> _Action item_
Return exactly, please, the line that contains "Ünlü sanatçı Melek" and every line after it through the end of the material that follows, leaving pictures aside.

> _Data extract_
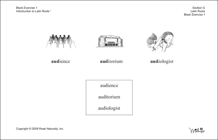 The introduction exercise extends phonemic awareness by presenting several words with illustrations that represent the featured prefixes, suffixes, syllables, or roots for the section. The featured prefixes, suffixes, syllables, or roots are in bold letters in the sample words. The words are presented again in a box at the bottom of the page without the featured parts in bold print.
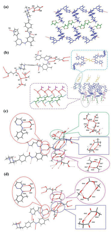 | Fig. 2. Crystal structure and the 1D, 2D salt bond and H-bond contacts of IM salts. (a) S1 (IM-MA); (b) S2 (IM-FA methanol hydrate); (c) S3 (IM-CA methanol hydrate); (d) S4 (IM-CA methylate). | |
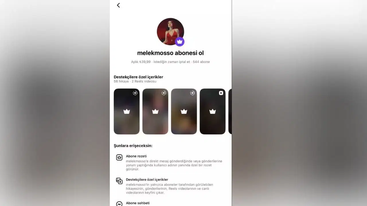 Ünlü sanatçı Melek Mosso, sosyal medya platformu Instagram üzerinden hayranlarına özel içerikler sunmak amacıyla bir abonelik sistemini devreye soktu.
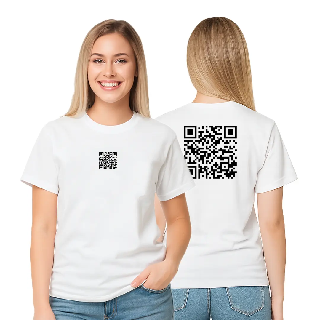 Camiseta Branca Algodão Personalizada QR CODE frente e verso

> _Response for this exercise_
 Ünlü sanatçı Melek Mosso, sosyal medya platformu Instagram üzerinden hayranlarına özel içerikler sunmak amacıyla bir abonelik sistemini devreye soktu.
 Camiseta Branca Algodão Personalizada QR CODE frente e verso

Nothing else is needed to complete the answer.